For questions 1–3, use the cups and counters model to determine the value of x.
1. 3x + 2 = 17
2. 2x + 1 = 13
3. 4x + 1 = 10
Using Algebra Tiles to Solve Equations
So far in this lesson, you have seen two models for solving equations: a balance scale and cups and counters. In this section, you will use and investigate a third model, algebra tiles.
For algebra tiles, a rectangle represents the variable, usually x, and squares are used to represent numbers.
Consider the equation 2x − 3 = 5. This equation can be modeled with algebra tiles using 2 green rectangles (positive x-tiles) and 3 red squares (negative unit tiles) on the left side of the equal sign and 5 yellow squares (positive unit tiles) on the right side.

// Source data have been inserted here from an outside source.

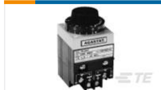
TE 产品编号1-1423159-9 7012PB=RLY,STD,ON,2P,125VDC, 5
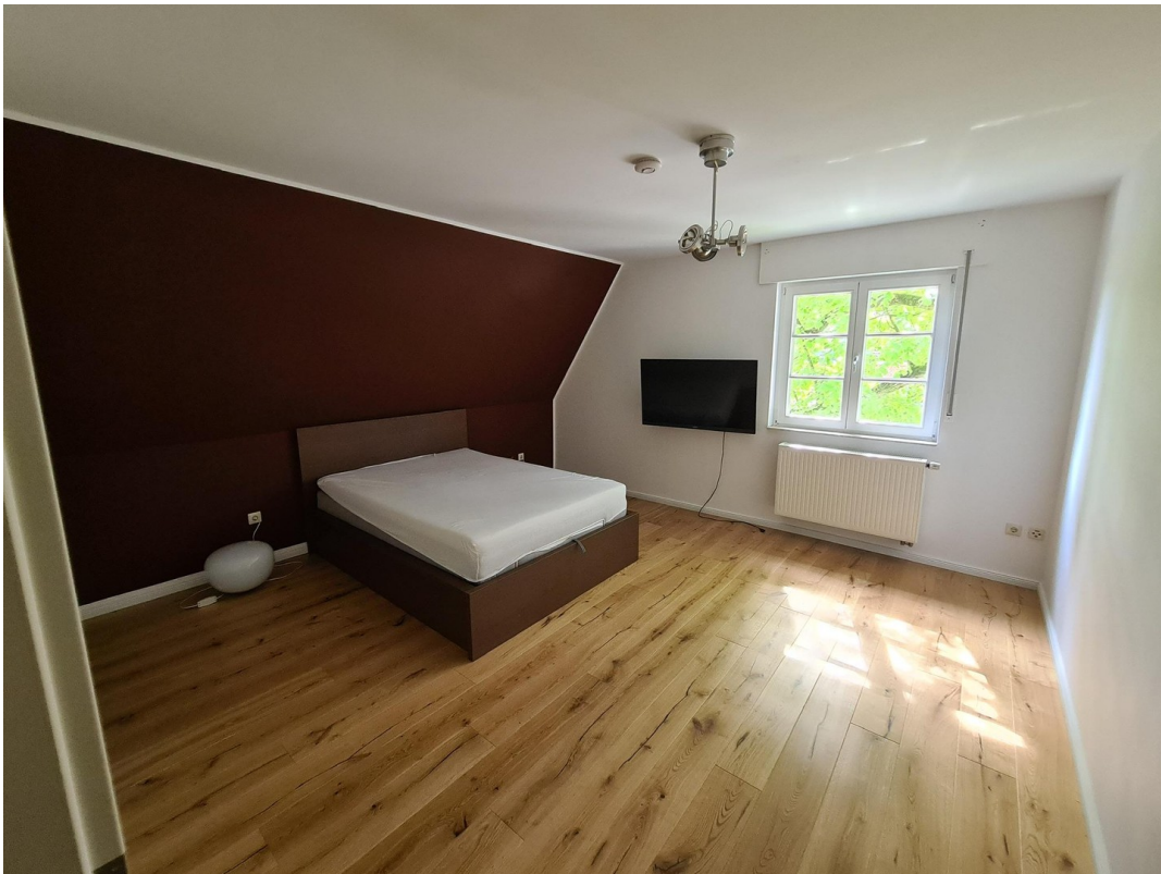
Schlafzimmer 2. OG
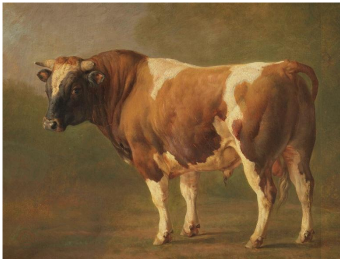
Studie van een stier, Jacques Raymond Brascassat, 1830-1867

Om maar meteen met de deur in huis te vallen: wij zijn hartstikke blij met de hoge respons die wij ontvingen op de enquête die we onder de adoptievrienden hebben gehouden. Ook doet het ons enorm veel plezier dat de meeste van de respondenten aangaven de nieuwsbrief Koevoet te lezen en deze twee tot vier keer per jaar te willen ontvangen. Natuurlijk zijn er ook mensen die 'm liever niet meer zouden ontvangen, maar die moet ik helaas teleurstellen. Het is namelijk om technische redenen voor ons niet mogelijk om deze mensen uit de verzendlijst te halen. Meer over de enquête vindt u in de rubriek AEK-nieuws in deze Koevoet.
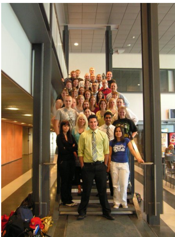
Kuva 4. Kesäkoululaiset yhteispotretissa.

Elokuvaa leikatessani koin edelleen haasteelliseksi löytää yhteistä nimittäjää teokselle. Elokuvan valmistumista odottivat ennen kaikkea amerikkalaiset kesäkouluopiskelijat. Teoksen tarkoitus on markkinoida tulevaa tai tulevia kesäkoulu-toteutuksia. Onko lopullinen kokonaisuus ja muoto objektiivinen, tulevia matkalle lähtijöitä palveleva vai enemmänkin subjektiivinen (vaikkakin positiivinen) kertaus vuoden 2008 kesäkoulusta ja ennen kaikkea kuvaus sen hahmoista? Vaikka lopullinen muoto poikkeaaakin ennakkoon tehdyistä suunnitelmista ja ajatuksista, on kokemisen teema ihmiskeskeisesti pitänyt pintansa koko kaaren ajan. Hahmojen, erilaisten luonnekuvausten ja kokemuksien inhimillistämisen kautta olen alusta asti halunnut luoda pohjan teokselle. Näiden lisäksi teos on realistinen kuvaus, vaikkakin mainosarvonsa takia esittäytyykin nimenomaan positiivisessa valossa. Kesäkoulu kokonaisuutena, sen itsekkin läpikäyneenä, oli aidosti positiivinen kokonaisuus ja yhdistelmä tehokasta opiskelua sekä energiarikasta vapaa-aikaa.
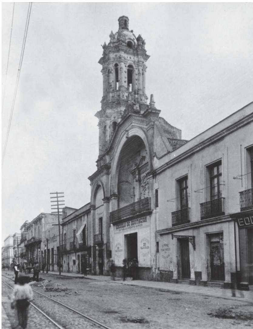
San Felipe Neri “el viejo”. En 1702, la iglesia se constituyó en oratorio y se decidió construir la portada de cantera labrada y levantar una torre. Al fondo se observa la entrada del Teatro Arbeau (CNMH-FCRV, Centro Histórico, R1 M47 UT 77: CDLXXIX-65, s/f, CONACULTA-INAH-MEX. Reproducción autorizada por el INAH).
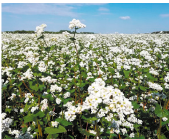
Высокоустойчивые к полеганию, осыпанию и засухе сорта гречихи Инзерская, Дизайн, Флагман.

НАШИ ПАРТНЕРЫ - БОЛЕЕ 800 СЕЛЬХОЗПРЕДПРИЯТИЙ И АГРОХОЛДИНГОВ РОССИИ И КАЗАХСТАНА!
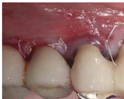
Abb. 9: Suffizienter Wundverschluss nach Augmentation.
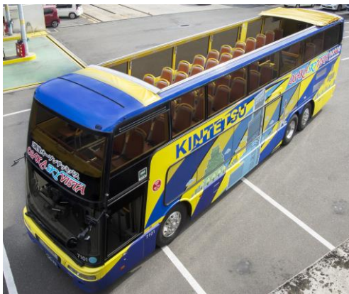
OSAKA SKY VISTA
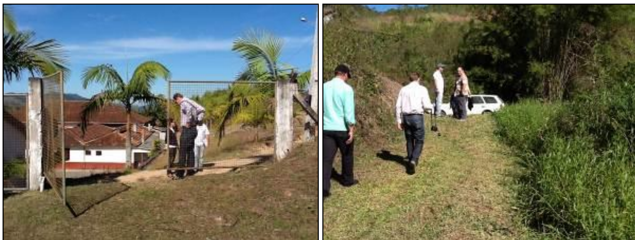
Acesso à área de captação principal, Poço 1.

7) Existe facilidade de acesso ao local (Resolução AGESAN Nº11 - Art. 11º)? Sim (x) Não ( ) Pendência: As estradas de acesso necessitam de melhorias (Pref. Municipal)
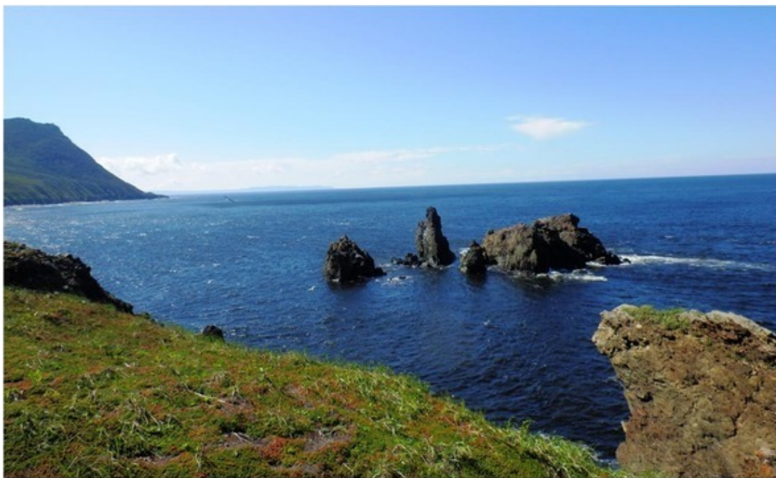
Мысы Марии, Елизаветы, река Воловская.
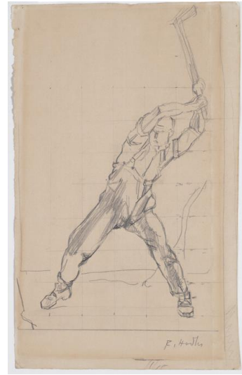
5. Ferdinand Hodler (Berne 1853 - Genève 1918) Spaccalegna , 1910 ca. crayon sur papier, 41.6 x 25.4 cm Museo Villa dei Cedri, Bellinzona / Donation Adolfo Rossi 1972
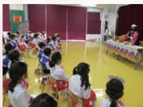
英語講師による英会話 【ハロウィンパーティー】
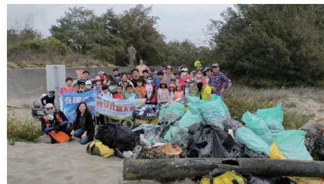
真理大學曾文社大淨灘活動
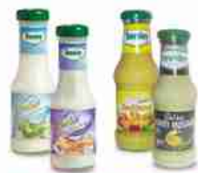
DEVELEY DRESSING CAESAR a base di formaggio YOGURT a base di yogurt bianco A, conf. 500 ml HONEY MUSTARD INDIANA a base di curry e frutta A, conf. 250 ml
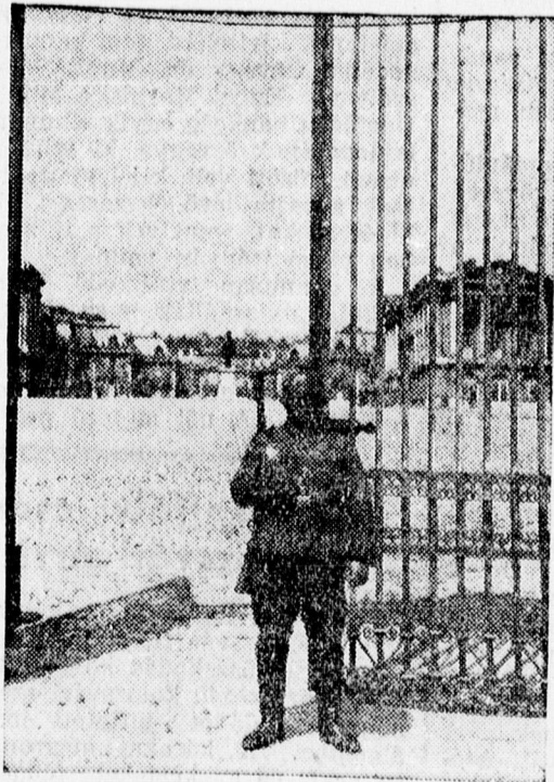
A versaillesi kastély

Nyomatott a Magyar Nemzeti Könyv- és Lapkiadóvállalat Rt. műintézetének körforgó gépén. Igazgató: Somogyi Gábor.
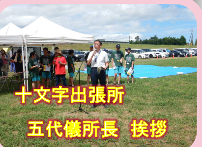
十文字出張所 五代儀所長 挨拶

Watch this equation being solved using the algebra tile model.
On your own, use the interactive linked to the image below to set up and solve equations with algebra tiles.
- Click the "New Equation" button, the piece of paper in the yellow panel, to generate a two-step equation of the form ax + b = c.
- Use the tools to set up the equation, and click the Check tool to check your model.
- Once you have the correct setup, use zero pairs and remove tiles as necessary to solve the equation.
- Type your solution into the text box, and click the Check tool to check your answer.
Pause and Reflect
- How does the algebra tile model allow you to better visualize the concept of zero pairs?
- How does the algebra tile model compare to the cups and counter model or the balance scale model?
For questions 1–3, use the algebra tile model to determine the value of x.
1. 4x − 5 = 15
2. 2x + 7 = 3
3. 3x − 5 = 4
In this lesson, you used three different models to represent and solve equations.
Model 1: Balance Scale
The balance scale model uses the metaphor of a balance scale in order to represent the expressions on each side of an equation. Because the expressions must have equivalent values, the scale must be balanced. Any changes made to one expression must also be made to the other in order to preserve balance.
Model 2: Cups and Counters
The cups and counters model uses cups to represent the variable and counters to represent numbers. Counters can be manipulatives such as color tiles, two-color counters, or objects such as beans. When solving equations using the cups and counters model, the goal is to determine the number of counters that go inside the cup in order to make the equation true.
Model 3: Algebra Tiles
The algebra tile model uses squares to represent numbers (units) and rectangles to represent variables (x). Green or yellow tiles are positive, and red tiles are negative. The algebra tile model allows you to visualize using zero pairs to solve equations and leads to the idea of using inverse operations to solve equations, which you will learn about in a future lesson.